5th annual Cattledog Trial puts close relationship between the handlers and their dogs on display
A natural instinct from their hunting days, border collies can be the perfect animals to hold stock and control their movements, as long as the dog listens to the commands of its handler.
Jeff Meyers, a trainer and handler from Hayden, explained it as a partnership between himself and the dog, as Meyers and several other trainers had the opportunity to put their partnerships on display this weekend during the Routt County Cattlemen’s Association fifth annual Cattledog Trial at Romick Arena.
The trial took the dogs through a plethora of tests and tasked them with controlling three heifers at once. The border collies naturally worked opposite the callers, listening to whistles and voice commands to determine how to move the cattle.
“That is one of the things that makes the border collie ideal for this line of work and this kind of competition — their ability to go around the stock and bring it to you,” Meyers said. “She does not need to be next to me or want to be next to me; she wants to get around (the heifers).”
To score points, handlers had to command their dogs through a series of tasks with a time limit, and every heifer to conform counted as a point. The contest is a simulation of how things may go at a ranch or farm, but not a perfect representation. At a ranch, precision and speed are not always so important.
Training these dogs takes time, and Meyers said he prefers to start the training on stock when they are between 10 and 12 months old. He said the dogs need to have a certain level of maturity because training puts so much pressure on them. They need to be old enough and have a strong enough connection with the handler to withstand that pressure.
Meyers said he starts his dogs on sheep to build their confidence because sheep commonly stay together and roll off the dog well. Once the dogs master that, they graduate to small cattle.
Dogs are first taught to learn five commands:
- Come By — Dog moves clockwise around the stock.
- Get Away — Dog moves counterclockwise around the stock.
- Lie Down — Dog sits tight and waits for the next command.
- Walk Up — Dog walks straight toward the stock to push them back.
- That’ll Do — Dog stops working and returns to the handler.
“Any dog that has those five basic commands is going to be really helpful around the ranch and farm,” Meyers said. “They can help you with a lot of stock. To come out here and compete like this requires refinement, and they have to really be precise.”
Sara-Jo Gahm, a handler from Everett, Washington, said a handler’s relationship with its dogs needs to be tight. Every dog and handler have different strengths and weaknesses, but a handler must make their dog feel like they are there for their four-legged counterpart.

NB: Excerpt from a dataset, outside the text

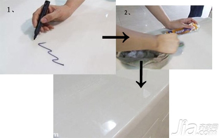 为了测评该款洗脸柜台面的耐污性,小编用记号笔在台面上随手画上一道浪线,风干后用湿抹布仔细一擦,发现台面光亮如新,可见台面的耐污性能还是比较强的。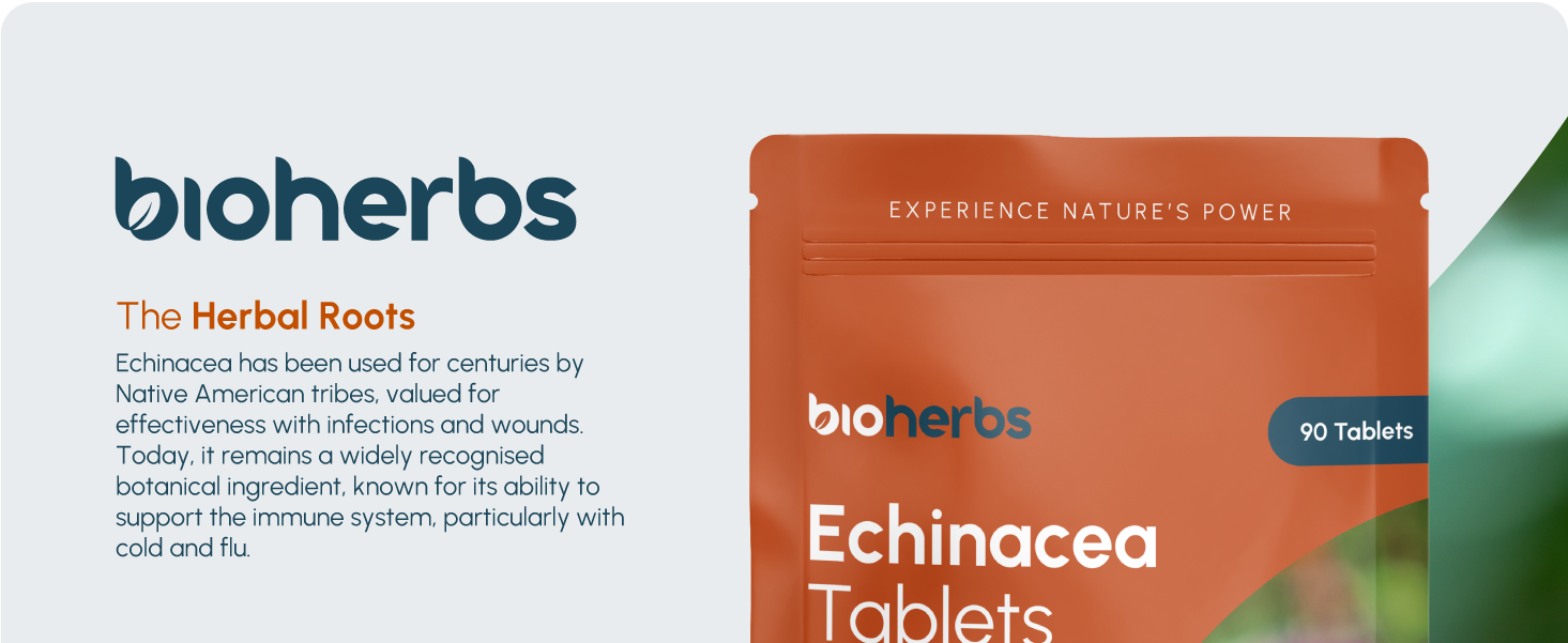 Echinacea has been used for centuries by Native American tribes, valued for effectiveness with infections and wounds. Today, it remains a widely recognised botanical ingredient, known for its ability to support the immune system, particularly with cold and flu.

According to Gahm, a good handler is someone who communicates clearly with their dog and always puts their dog in a good position.
“I generally like a dog that both has some power to convince the cattle to move but also wants to be a team player with me,” Gahm said. “You want that combination of being tough on cattle but also sensitive to my directions and trying to work with me and not for themself.”
The Routt County Cattlemen’s Association’s hosts the trial every year to offer an agriculturally focused event and to include those who may not be familiar with the county’s deep-rooted agricultural history.
“People like dogs but a lot of people have no understanding of a working dog and that relationship with cattle and how that is supposed to go,” Meyers said. “This is a chance to show our skill but also for people who don’t see that kind of thing to get that perspective.”